Arcade Fire - Wake Up
03. Laurent Garnier @ La Plateforme, Lyon - 13 décembre 2007 Ambiance survoltée, la Plateforme elle connaît. Voir Laurent Garnier n'était pas forcément une priorité, car je l'avais déjà vu au Rex à Paris il y a quelques années. Sauf que si on peut, on y va: LaurentGarnier quoi. Je dois avouer ne pas m'être attendu une seule seconde à ça. Il aurait du jouer de 1h30 à 4h30. Il aura joué de 0h50 à 6h20. Il aura pris son pied avec un set tout en montée qui se termine par quelques remix de tubes mondiaux (du NewOrder, un peu de Blur, du Nirvana, les Berus aussi...). Une claque monumentale. Grand monsieur qui se sera tapé un smile toute la soirée.
Grâce à l'annulation d'une date chez nos voisins Suisse (si j'ai bien tout compris) et surtout grâce à l'entêtement des très sûrs Grrrnd Zero, les New-Yorkais débarquent à Lyon pour un concert d'1h30, bon comme du pain chaud, funk à souhait dans une ambiance électrique. Un groupe de scène ahurissant, dynamité par une chanteuse au charisme et au caractère bien trempé.
05. Liars @ Rail Théâtre/Grrrnd Zero, Lyon - 21 novembre 2007 Concernant les Liars, j'ai pris la baffe attendue: on m'en avait tellement parlé que je n'ai pas été surpris. Un groupe déjà culte, qui a une énorme présence scénique, dont on reparlera dans une vingtaine d'années. Et qu'on se targuera d'avoir vu en concert à l'époque. Grand moment.
Liars - The other side of mt. heart attack
06. Thee Silver Mount Zion @ Rail Théâtre/Grrrnd Zero, Lyon - 19 avril 2007 Deuxième concert du groupe pour ma pomme. Et même si la claque de la première fois n'est pas là, il n'est reste pas moins que Efrim et ses amis ont un don: celui de subjuguer une salle comme personne. Des amis qui ne connaisssaient pas le groupe sont ressortis abasourdis.
07. La Blanche @ Médiathèque de Meyzieux - 23 novembre 2007
Une médiathèque, une salle remplie à 90% de personnes que nous qualifierons d'âgées et un groupe de pré-trentenaires venu en découdre avec La Blanche. Un concert acoustique (lui au chant, un guitariste, une violoncelliste) où Eric La Blanche déclame ses chansons d'amour, ses poésies d'aujourd'hui avec un vrai plaisir. Et quand la sono fait des siennes, il décide de la jouer sans micro, juste à la voix. Bref, un énorme pied. Et la confirmation que ce mec là a une des toutes meilleurs plumes de ce pays.
08. Apparat + Modselektor @ La Plateforme, Lyon - 27 septembre 2007 Enième soirée électro à La Plateforme et énorme moment aussi. Si le set d'Apparat est de qualité, que dire de celui des Modselektor qui vont poser un set hip-hop affolant! Les reviews des concerts du groupe avant et après Lyon confirmeront ces dires: les allemands sont au sommet et s'ils avaient voulu, ils auraient coulé la péniche à faire danser les gens. Fichtre.

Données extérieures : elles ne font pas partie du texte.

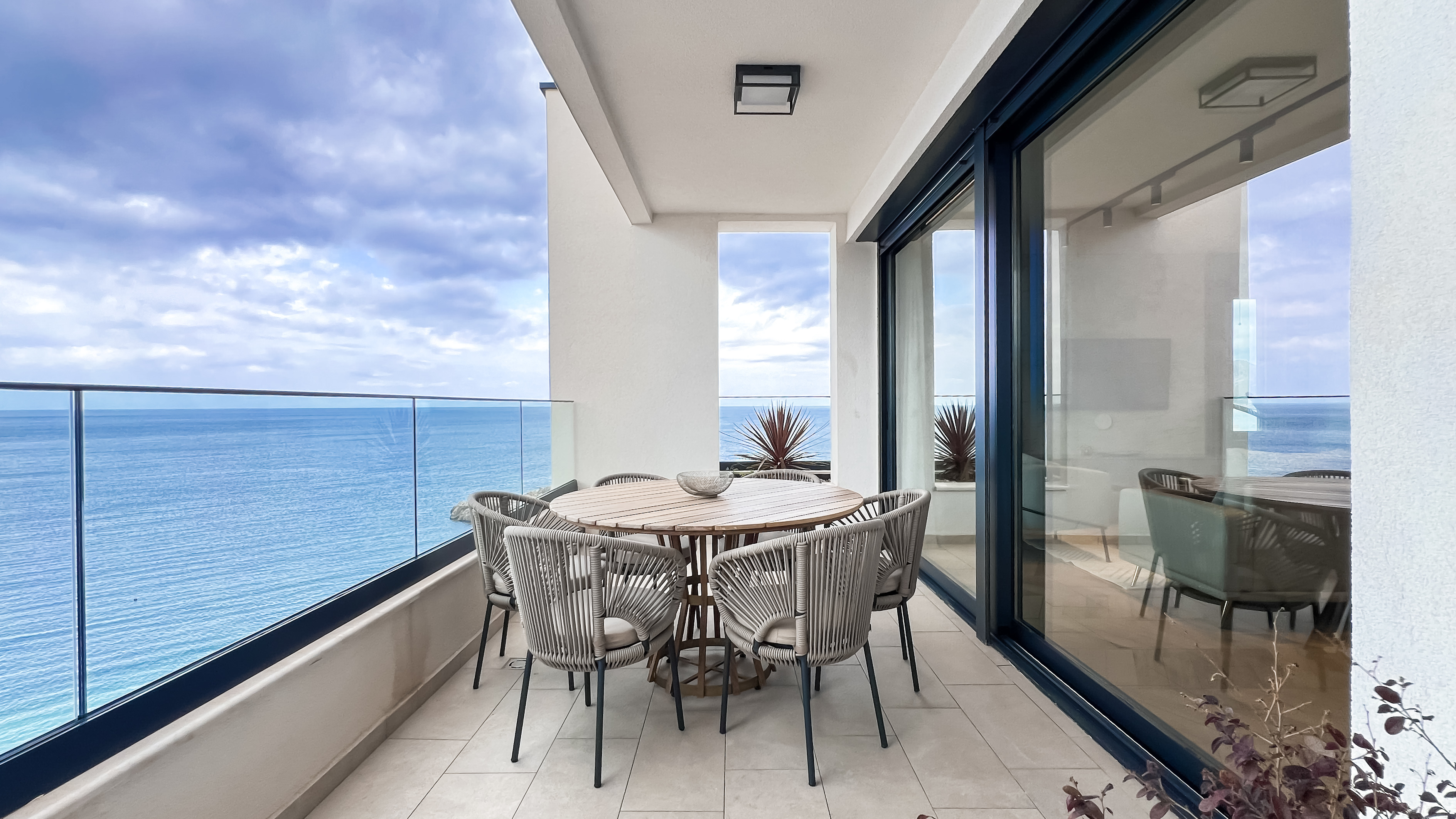 The only suite that offers views both ahead and above. The Penthouse occupies the entire top floor of the hotel. It offers a panoramic view of the horizon. The interior space is designed as a private oasis: living area, two bedrooms with private bathrooms, kitchen with dining area, and an unforgettable terrace. This is not just the highest suite in the hotel. This is a statement.

09. Volcano The Bear @ Rail Théâtre/Grrrnd Zero, Lyon - 5 décembre 2007 L'expérience de l'année. Poussé à aller les voir par deux marseillais frappés (et fans), Volcano TheBear s'est avéré être un grand moment. Certes très loin d'être accessible. Mais quand même: une vraie musicalité, un vrai don pour faire avancer un morceau dans ses derniers retranchements et un jeu de scène complètement déjanté. Hypnotique.

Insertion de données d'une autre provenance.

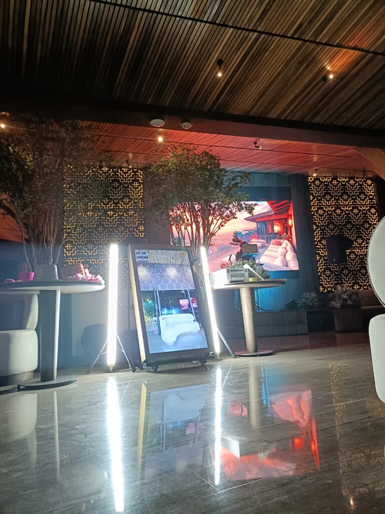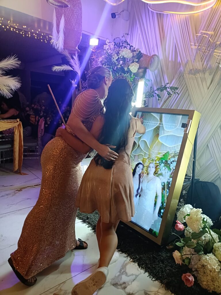 El espejo mágico combina elegancia con tecnología. A diferencia de otras cabinas, el toque interactivo genera más engagement porque los usuarios sienten que participan activamente en la creación de su recuerdo. La impresión instantánea añade ese factor “wow” que hace que los invitados lo compartan inmediatamente en redes sociales.
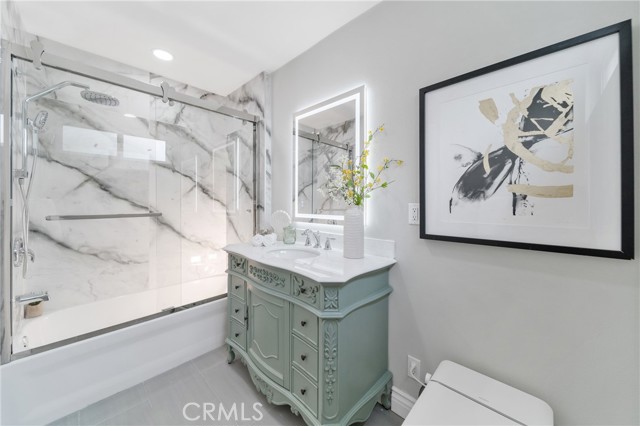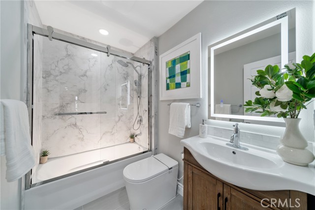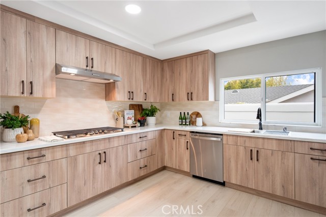 *Single-level, single-loaded street — beautifully remodeled home~Located on a serene single-loaded street with no front-facing neighbors, this beautifully remodeled single-level home blends modern elegance, warmth, and convenience. Offering approximately 2,008 sq. ft. of living space on a 6,500 sq. ft. lot, the residence features four spacious bedrooms, three stylish full bathrooms, and a convenient powder room—all thoughtfully designed for comfort and functionality. The open-concept living and dining area welcomes you with vaulted ceilings, abundant natural light, and luxury vinyl plank flooring throughout. The freshly painted interior creates a clean and inviting atmosphere. The spacious, chef-inspired kitchen showcases sleek quartz countertops, brand-new stainless steel appliances, and contemporary flat-panel European-style cabinetry in a warm light-oak tone, accented by matte brown hardware for a sophisticated finish. Each bedroom enjoys high ceilings for an enhanced sense of space and comfort. All bathrooms have been completely renovated with spa-like designs, featuring frameless glass showers with large-format marble-look porcelain tiles, rainfall shower heads, and elegant vanities with LED backlit mirrors that provide a soft, modern glow. Additional upgrades include partial electrical and plumbing improvements (including the garage), new light fixtures throughout, a brand-new water heater, and an epoxy-coated garage floor. Outside, the 6,500 sq. ft. lot offers spacious front, side, and rear yards—freshly landscaped with new real grass, trees, and a tranquil fountain. The backyard has been newly paved and includes a built-in BBQ, providing the perfect setting for outdoor living and entertaining. Positioned within a desirable Saddleback Valley Unified School District and close to shopping, dining, and recreation, this home also features public sewer and water, no HOA fees, no Mello-Roos taxes, and a large gated side yard ideal for RV, boat, or extra parking. Don’t miss the opportunity to make this move-in-ready home yours!

10. Souvaris @ Le Sonic, Lyon - 16 avril 2007 Groupe ami anglais, Souvaris a organisé son petit tour de France à sa sauce, faisant le temps d'une soirée escale à Lyon. Un Sonic vide comme c'est pas permis (23 personnes en comptant les gens du Sonic, les membres du groupe et des premières parties) mais un concert violent et maîtrisé. Du post-rock comme ça, on en redemande.